**SOURCE MATERIAL**
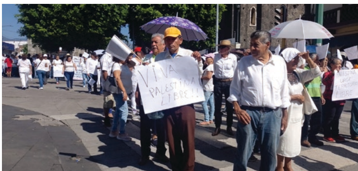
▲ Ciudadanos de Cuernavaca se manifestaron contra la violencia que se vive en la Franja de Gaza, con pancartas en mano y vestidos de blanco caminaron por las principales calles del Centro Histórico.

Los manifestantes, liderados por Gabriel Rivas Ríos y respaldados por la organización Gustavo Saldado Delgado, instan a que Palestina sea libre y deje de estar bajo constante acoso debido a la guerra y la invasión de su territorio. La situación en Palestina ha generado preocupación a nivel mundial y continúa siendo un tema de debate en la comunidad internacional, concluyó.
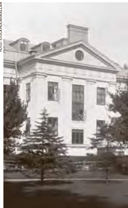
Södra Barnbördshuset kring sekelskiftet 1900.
==
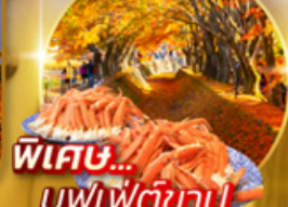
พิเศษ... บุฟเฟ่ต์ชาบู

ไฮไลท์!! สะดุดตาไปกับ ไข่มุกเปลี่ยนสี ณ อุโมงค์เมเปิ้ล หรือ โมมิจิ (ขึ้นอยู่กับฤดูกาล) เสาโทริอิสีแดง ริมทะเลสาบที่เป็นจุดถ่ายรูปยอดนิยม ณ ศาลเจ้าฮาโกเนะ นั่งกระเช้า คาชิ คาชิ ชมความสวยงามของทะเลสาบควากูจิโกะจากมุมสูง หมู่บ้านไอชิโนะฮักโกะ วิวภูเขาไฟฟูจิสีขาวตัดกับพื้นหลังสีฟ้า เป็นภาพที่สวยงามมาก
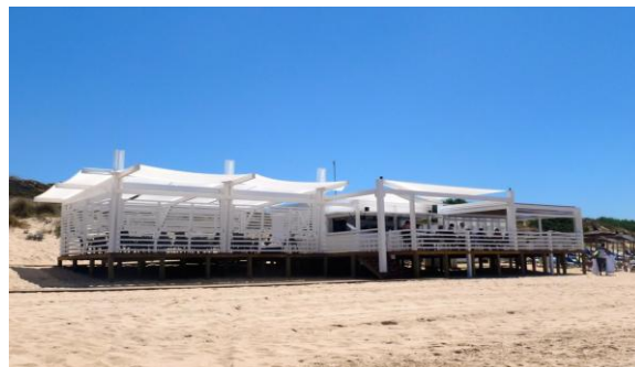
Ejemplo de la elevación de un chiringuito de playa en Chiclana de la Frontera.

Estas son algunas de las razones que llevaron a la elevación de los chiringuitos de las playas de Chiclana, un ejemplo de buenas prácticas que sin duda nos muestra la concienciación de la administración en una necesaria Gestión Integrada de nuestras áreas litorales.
* * *
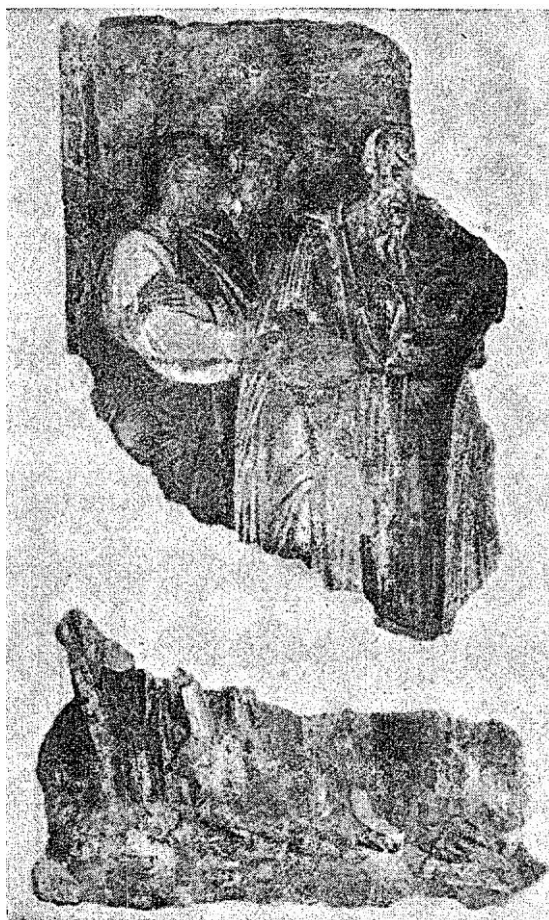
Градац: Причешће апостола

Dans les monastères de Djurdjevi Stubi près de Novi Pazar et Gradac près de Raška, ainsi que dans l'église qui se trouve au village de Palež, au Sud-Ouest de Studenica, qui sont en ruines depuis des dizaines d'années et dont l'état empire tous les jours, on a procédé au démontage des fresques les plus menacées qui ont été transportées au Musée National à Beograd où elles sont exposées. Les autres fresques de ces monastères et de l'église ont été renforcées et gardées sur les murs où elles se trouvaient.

**WORK TO BE COMPLETED**
Within the listing above, give again exactly every line from the line with "Ejemplo de la" through the line with "Estas son algunas", both included, and no other line.

**FINISHED EXERCISE**
Ejemplo de la elevación de un chiringuito de playa en Chiclana de la Frontera.

Estas son algunas de las razones que llevaron a la elevación de los chiringuitos de las playas de Chiclana, un ejemplo de buenas prácticas que sin duda nos muestra la concienciación de la administración en una necesaria Gestión Integrada de nuestras áreas litorales.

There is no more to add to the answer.